What is needed is the exact text of each line in the listing below from the one with "Библиотекарь рассказала присутствующим, об" up to and including the one with "Summary: Oxygen doping", and no pictures.

* Listed entries
-=-=-=-=-

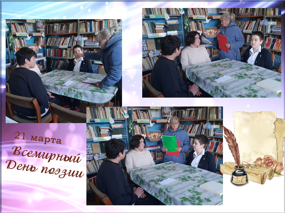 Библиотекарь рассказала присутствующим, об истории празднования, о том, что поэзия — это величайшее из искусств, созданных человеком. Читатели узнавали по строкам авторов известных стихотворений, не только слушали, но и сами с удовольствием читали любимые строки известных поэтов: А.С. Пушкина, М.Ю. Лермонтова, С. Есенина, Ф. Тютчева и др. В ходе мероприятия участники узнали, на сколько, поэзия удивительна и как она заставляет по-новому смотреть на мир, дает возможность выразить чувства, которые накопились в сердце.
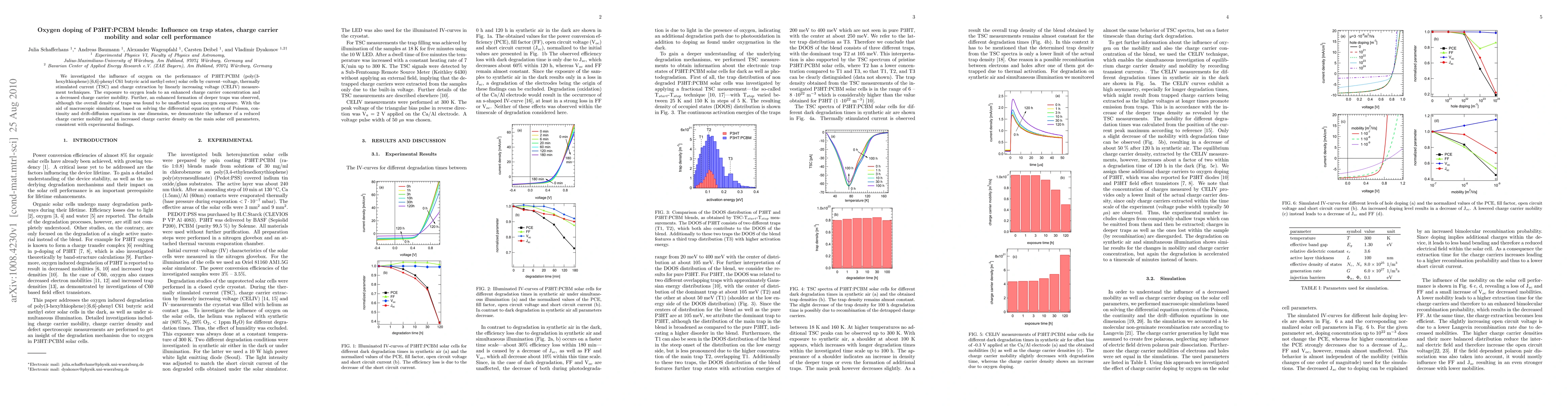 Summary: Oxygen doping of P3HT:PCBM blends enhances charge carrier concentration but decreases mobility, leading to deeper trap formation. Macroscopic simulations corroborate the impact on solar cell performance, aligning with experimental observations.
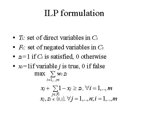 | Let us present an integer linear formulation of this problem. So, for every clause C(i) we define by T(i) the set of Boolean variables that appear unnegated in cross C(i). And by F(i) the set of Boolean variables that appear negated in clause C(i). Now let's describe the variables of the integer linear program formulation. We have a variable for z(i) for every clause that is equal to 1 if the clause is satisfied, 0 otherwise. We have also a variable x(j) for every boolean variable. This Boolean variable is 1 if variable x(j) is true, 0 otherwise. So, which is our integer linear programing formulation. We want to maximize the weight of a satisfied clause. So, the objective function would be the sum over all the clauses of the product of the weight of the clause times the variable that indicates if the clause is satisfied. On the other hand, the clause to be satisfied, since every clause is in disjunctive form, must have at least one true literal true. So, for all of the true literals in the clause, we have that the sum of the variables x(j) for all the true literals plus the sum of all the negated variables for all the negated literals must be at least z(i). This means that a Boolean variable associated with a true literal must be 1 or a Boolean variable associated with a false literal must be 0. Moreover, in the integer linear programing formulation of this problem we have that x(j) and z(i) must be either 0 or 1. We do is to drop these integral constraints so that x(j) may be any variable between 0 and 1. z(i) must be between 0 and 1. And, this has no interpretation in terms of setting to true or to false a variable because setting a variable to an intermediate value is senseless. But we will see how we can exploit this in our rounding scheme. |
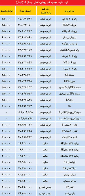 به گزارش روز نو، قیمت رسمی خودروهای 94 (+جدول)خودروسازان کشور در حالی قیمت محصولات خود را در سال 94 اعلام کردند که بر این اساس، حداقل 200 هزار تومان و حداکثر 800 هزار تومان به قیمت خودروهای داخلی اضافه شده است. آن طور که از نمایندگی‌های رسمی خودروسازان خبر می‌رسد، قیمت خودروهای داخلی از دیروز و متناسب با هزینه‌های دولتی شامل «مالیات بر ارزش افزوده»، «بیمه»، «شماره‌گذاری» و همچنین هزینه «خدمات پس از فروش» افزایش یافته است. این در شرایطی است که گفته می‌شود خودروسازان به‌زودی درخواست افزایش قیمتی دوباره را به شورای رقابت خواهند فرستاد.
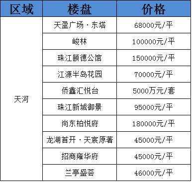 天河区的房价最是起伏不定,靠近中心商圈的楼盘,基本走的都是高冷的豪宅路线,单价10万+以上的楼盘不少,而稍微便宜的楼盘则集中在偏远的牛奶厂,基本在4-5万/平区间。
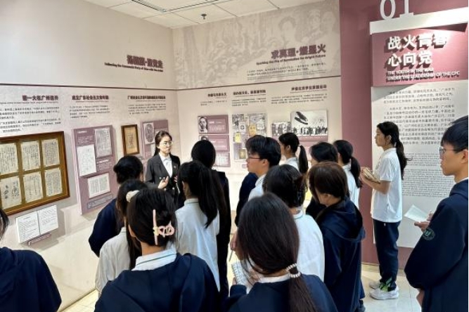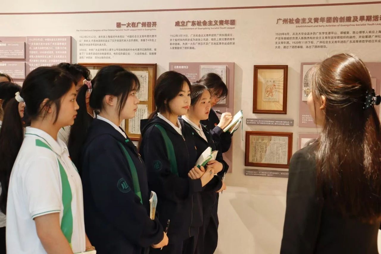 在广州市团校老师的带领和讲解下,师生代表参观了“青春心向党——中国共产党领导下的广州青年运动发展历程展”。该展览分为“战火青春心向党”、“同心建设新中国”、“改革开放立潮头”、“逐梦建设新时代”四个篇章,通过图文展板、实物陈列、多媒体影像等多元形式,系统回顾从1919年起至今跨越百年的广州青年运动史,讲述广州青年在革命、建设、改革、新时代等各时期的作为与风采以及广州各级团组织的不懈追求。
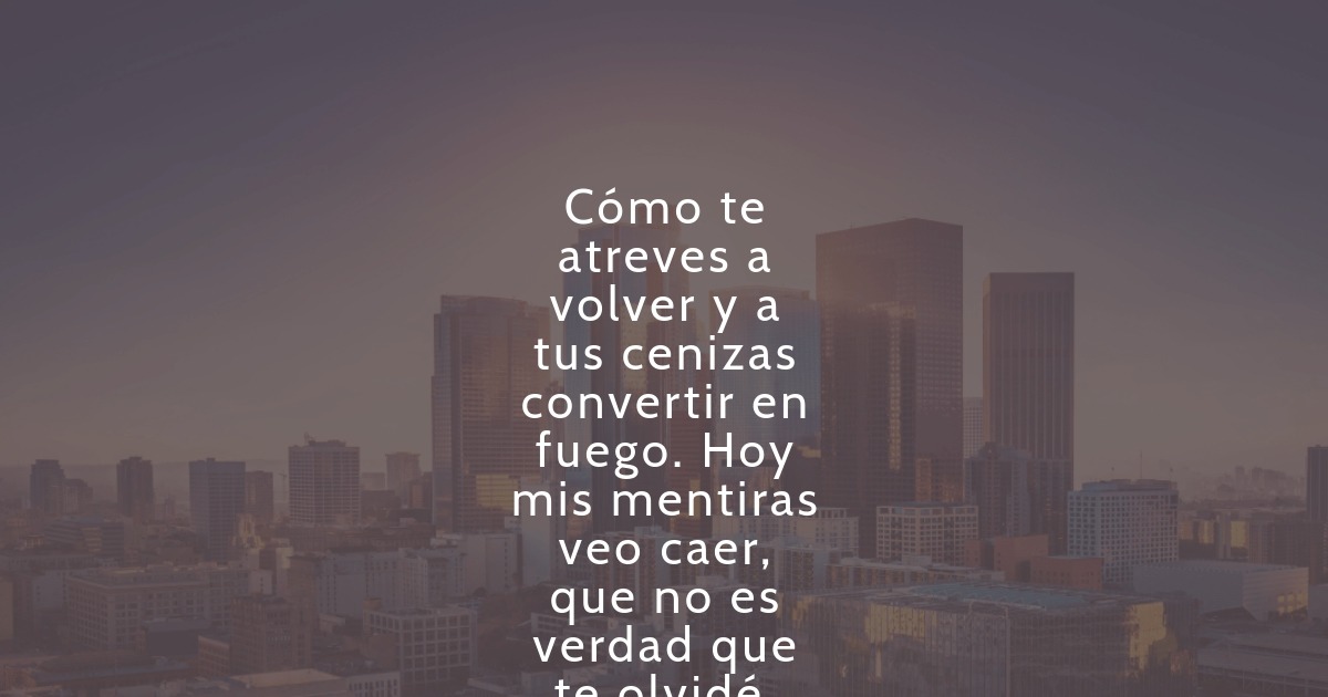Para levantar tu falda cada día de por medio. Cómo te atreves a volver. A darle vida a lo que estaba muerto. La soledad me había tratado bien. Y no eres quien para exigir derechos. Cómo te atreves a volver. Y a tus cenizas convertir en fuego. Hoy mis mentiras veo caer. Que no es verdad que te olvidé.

-=-=-=-=-

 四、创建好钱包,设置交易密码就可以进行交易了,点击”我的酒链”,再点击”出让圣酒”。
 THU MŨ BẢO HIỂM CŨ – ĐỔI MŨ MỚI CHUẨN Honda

-=-=-=-=-

* Response to the task
 Библиотекарь рассказала присутствующим, об истории празднования, о том, что поэзия — это величайшее из искусств, созданных человеком. Читатели узнавали по строкам авторов известных стихотворений, не только слушали, но и сами с удовольствием читали любимые строки известных поэтов: А.С. Пушкина, М.Ю. Лермонтова, С. Есенина, Ф. Тютчева и др. В ходе мероприятия участники узнали, на сколько, поэзия удивительна и как она заставляет по-новому смотреть на мир, дает возможность выразить чувства, которые накопились в сердце.
 Summary: Oxygen doping of P3HT:PCBM blends enhances charge carrier concentration but decreases mobility, leading to deeper trap formation. Macroscopic simulations corroborate the impact on solar cell performance, aligning with experimental observations.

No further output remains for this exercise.